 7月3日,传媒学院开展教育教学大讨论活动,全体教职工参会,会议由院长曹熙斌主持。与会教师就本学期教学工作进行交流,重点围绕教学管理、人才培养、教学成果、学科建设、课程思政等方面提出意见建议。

::::

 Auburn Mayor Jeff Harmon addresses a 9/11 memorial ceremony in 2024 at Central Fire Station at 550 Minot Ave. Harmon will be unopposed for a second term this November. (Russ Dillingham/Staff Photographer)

::::

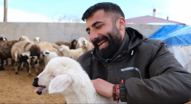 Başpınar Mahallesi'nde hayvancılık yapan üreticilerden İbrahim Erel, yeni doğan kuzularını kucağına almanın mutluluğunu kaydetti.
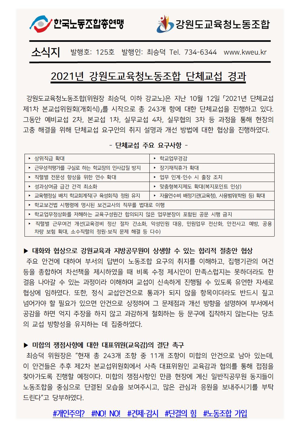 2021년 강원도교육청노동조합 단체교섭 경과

::::

Directions for this task: A verbatim reproduction is expected: starting at the line above that has "Başpınar Mahallesi'nde hayvancılık", ending at the line that has "2021년 강원도교육청노동조합 단체교섭 경과", both included, and with no pictures and no other lines.

Your solution:
 Başpınar Mahallesi'nde hayvancılık yapan üreticilerden İbrahim Erel, yeni doğan kuzularını kucağına almanın mutluluğunu kaydetti.
 2021년 강원도교육청노동조합 단체교섭 경과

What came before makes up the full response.